I will consider here only the third series with $\varphi$ the golden ratio.
I will establish it as an application of the following identity, justifying the presence of a $\frac{1}{\pi^2}$ term :
$$\sum_{n=1}^{\infty}\frac{1}{4^n\cos^2\frac{x}{2^n}}=\frac1{\sin^2x}-\frac1{x^2}$$
Its proof by different means is given in the answers to this question. Among them, one finds a proof using Viète's formulas...

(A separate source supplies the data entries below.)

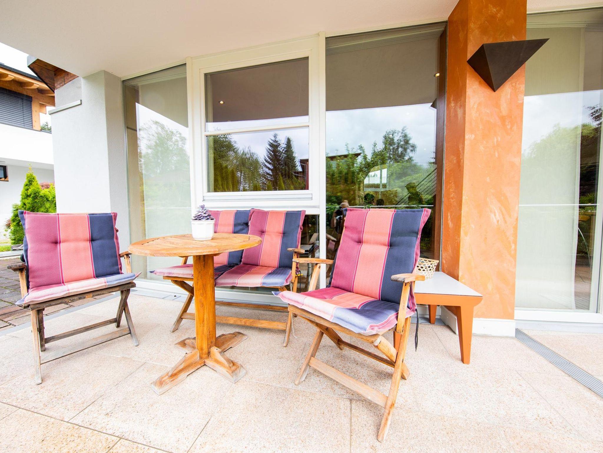 Um das Haus finden Sie einen großzügig angelegten Garten mit Sonnenliegen, Grillmöglichkeiten und Kinderspielplatz, der allen Bewohnern vom Kaiser Chalet und der Kaiser Suite zugänglich ist. Eine finnische Panorama Garten-Sauna und der gemütliche Ruheraum warten außerdem auf Sie (nur bei Buchung Kaiser Chalet), im Sommer auf Anfrage. Hier in unserem Ferienhaus in Söll sind auch Hunde jederzeit herzlich willkommen.
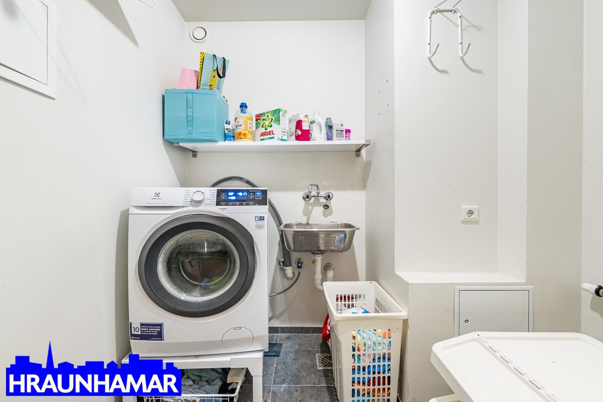Rúmgott flísalagt þvottahús.
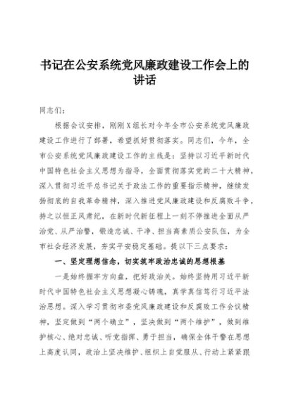 / 【七哥公文】2025年:书记在公安系统党风廉政建设工作会上的讲话+更多免费公文+VX:QiGeGongWen2024
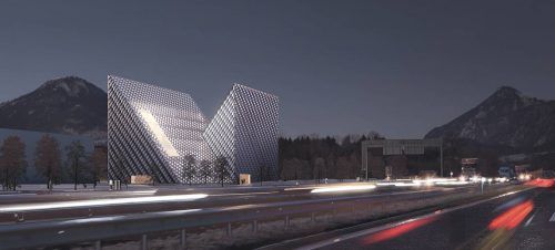 Mit dem gestrigen Spatenstich haben die Bauarbeiten für den neuen Firmensitz der Bergsportmarke Dynafit in Kiefersfelden begonnen. Im Gewerbegebiet direkt neben der Autobahn A93 soll für rund 25 Millionen Euro das Bauwerk entstehen, das wie zwei gläserne Bergzacken in den Himmel ragt. „Wir beginnen
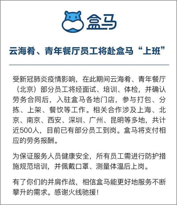 还有之前刷爆全网的盒马“员工共享”计划,就是出自猎聘HRO·勋厚人力。疫情期间,云海肴、青年餐厅将自有员工的“使用权”租赁给盒马鲜生,助力盒马鲜生实现了订单增长期间人力资源的优化配置,解决了其人员紧缺的现状,同样也缓解了战“疫”时期餐饮行业的企业用人成本高的难题,更为餐饮业员工的收入提供了保障。
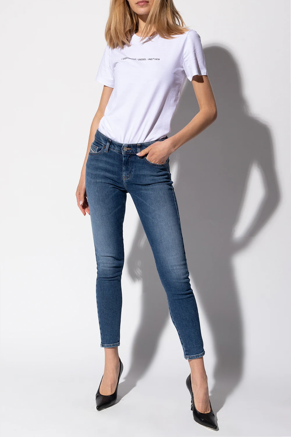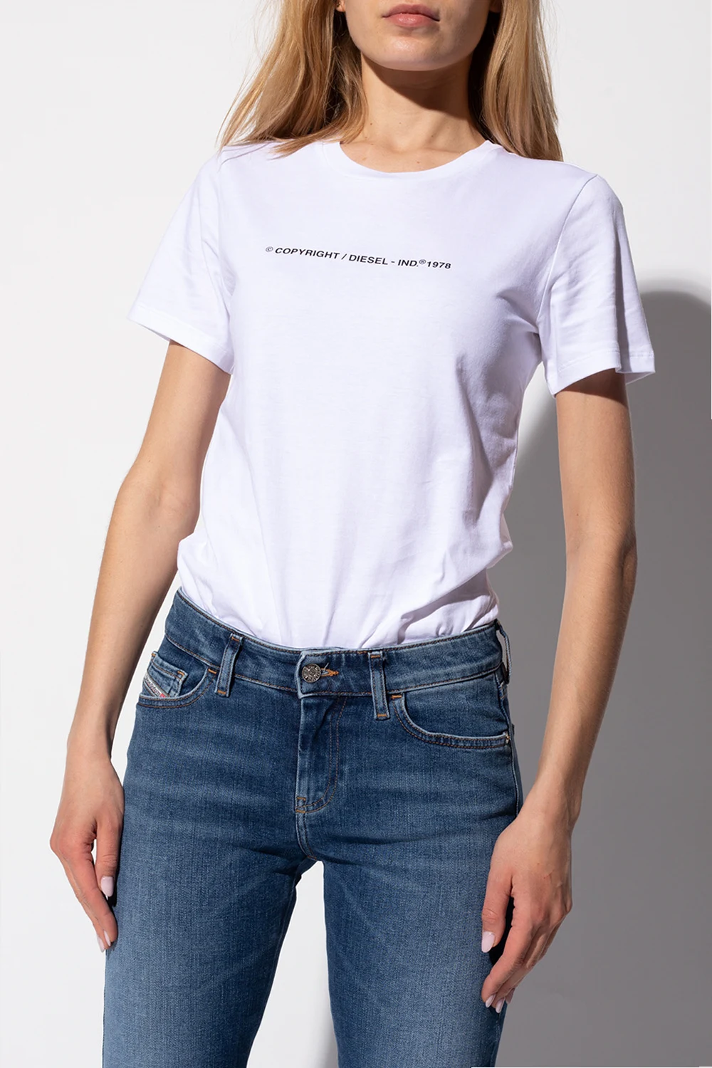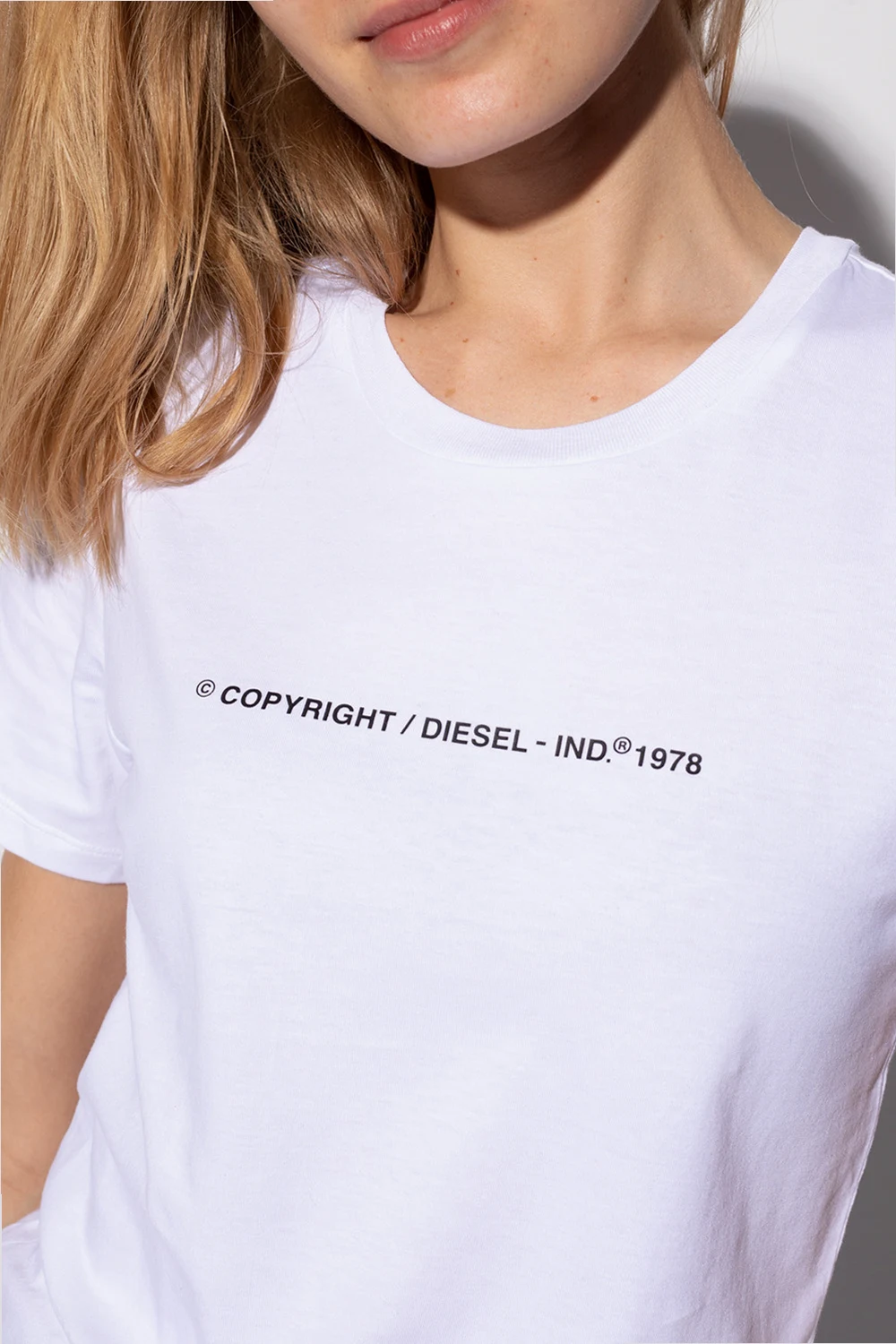 Białe body z krótkimi rękawami Diesel. Wykonane z bawełny. Zapinane na zatrzaski. Ozdobione czarnym nadrukiem z logo. Okrągły dekolt.
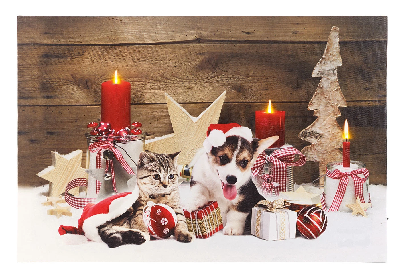 Ce tableau lumineux représente des bébés animaux près pour fêter Noël. Ces adorables boules de poils créeront une ambiance de Noël douce et pleine de tendresse, qui réjouira petits et grands. Des LED sont dissimulées derrière chaque flamme de bougie, apportant une touche féerique à cette décoration qui enchantera toute la famille.
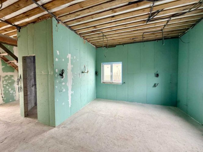 Стіни та підлога: Всередині все підготовлено до ремонту. Стіни зашиті гіпсокартоном, на підлозі - рівна стяжка

Indeed, taking $x=\frac{\pi}{5}$ in (1), one gets, in the RHS :
$$\frac{1}{\sin^2 \frac{\pi}{5}}-\frac{25}{\pi^2}=\frac{4}{3-\pi}-\frac{25}{\pi^2}$$
On the LHS, detailing the first terms :
$$\color{red}{\underbrace{\frac{1}{4\cos^2\frac{\pi}{5 \times 2}}}_{= \ \frac{1}{2+\varphi}}}+\frac{1}{4^2\cos^2\frac{\pi}{5 \times 2^2}}+\frac{1}{4^3\cos^2\frac{\pi}{5 \times 2^3}}+\cdots$$
Why is the first term highlighted ? Because it is the single term which is not present in the series you have given. All the other terms are exactly the right ones :
Indeed, one can verify that :
$$4 \cos^2 \left(\frac{\pi}{5.2^k}\right)=\begin{cases}2+\varphi&(k=1)\\ 2+\sqrt{2+\varphi}&(k=2)\\2 + \sqrt{2+\sqrt{2+\varphi}}&(k=3)\\ \cdots \end{cases}$$
due to relationship :
$$\cos\left(\frac{\pi}{5.2^{k+1}}\right)=\frac12\left(1+\cos\left(\frac{\pi}{5.2^{k}}\right)\right) \iff $$
$$4\left(\cos\left(\frac{\pi}{5.2^{k+1}}\right)\right)^2=2+2 \cos\left(\frac{\pi}{5.2^{k}}\right) $$
It remains for completing the proof to subtract to the RHS the "added term" :
$$\frac{4}{3-\pi}-\frac{25}{\pi^2}-\color{red}{\frac{1}{2+\varphi}}=1+\varphi-\frac{25}{\pi^2}$$
as desired (using relationshup $\varphi^2=\varphi+1$, etc.).
Remark : the different special values such as $\sin \frac{\pi}{5}$, etc. can be found for example here.